Category Archives: Pasta, Noodles & Risotto

Silverbeet Nudi 2

Silverbeet Nudi with Roast Cherry Tomato Sugo

Serves 2 as a main or 4 as an entree (makes around 22 large nudi)

As promised, finally an Italian recipe. I did mean to post some sooner after my trip, but I was a little Italianed out. That, and it’s taken me a while to attempt some of my recipes in a gluten free version. Nobody wants to go to a lot of effort only to be disappointed, and anyone who knows me knows the disdain I have for gluten free products. Just eat something else, is usually my motto. Why eat an inferior version of something? Doesn’t it just make you sad? Luckily, these nudi are sensational, and I will happily make these gluten free forever, even if I one day have a choice. They are just as good as my gluten containing recipe, and that is not something I say lightly.

Nudi were always going to be first on the list, as Fabio has been asking for them ever since our magical dinner at La Fonte, an all vegan agriturismo in Montespertoli, Tuscany.
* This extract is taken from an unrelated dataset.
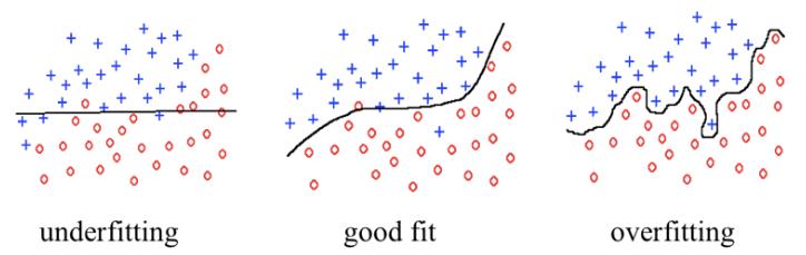 [그림 2]에서 볼 수 있듯이 Underfitting은 데이터 분류 기준을 단순하게 구할 수 있으나 새로운 데이터 집합을 Underfitting된 모델에 대입하면 의미 있는 결과를 얻기가 힘듭니다. 이에 반해 Overfitting은 모든 데이터를 정확히 분류하고 있으나 데이터의 특성을 일반화시킬 수 없습니다.

This night is definitely our fondest memory of the whole trip, and by far the best food and dining experience we had in Italy.

The night began after a scorching day climbing hundreds of stairs in the city. We left our hotel in Florence and drove out into the countryside, through fields of sunflowers, olive groves and the setting Tuscan sun, until we arrived at our picturesque destination. Not sure what to expect, we drove up to the only building in sight, the farmhouse, where we were warmly greeted by the owners who lived there. We had booked, of course, but we didn’t realise they were opening just for us. Feeling very special, we took our seat in the garden, complete with a cat, as the owner talked us through what she and her husband had prepared that night.

We went for the full four courses (naturally) and a carafe of wine made on the premises, which was excellent and incredibly underpriced. For antipasti we ate a sensational carrot and nut pate with puffed brustenghi (called something different in Tuscany, but the name escapes me), and the best fried spinach pastries I have ever tasted, with just the right amount of nutmeg. For primi, I chose the mint and coconut bulgur, and Fabio had the excellent chard nudi with tomato sauce. Now, while the seitan scallopini that followed was truly astonishing (so tender and delicious Fabio said it tasted exactly, and I mean exactly, like the real thing), it was the nudi Fabio wanted to eat again the most, and since our silverbeet is going to seed in the garden, tonight I was happy to oblige.

It had been years since I made nudi before this evening, having usually preferred spinach and ricotta ‘ravioli’, but now whenever I eat them I will feel the warm, lavender scented Tuscan breeze on my face, and they will forever hold a special place in my heart.



250g silverbeet leaves (weighed after the tough stems have been removed)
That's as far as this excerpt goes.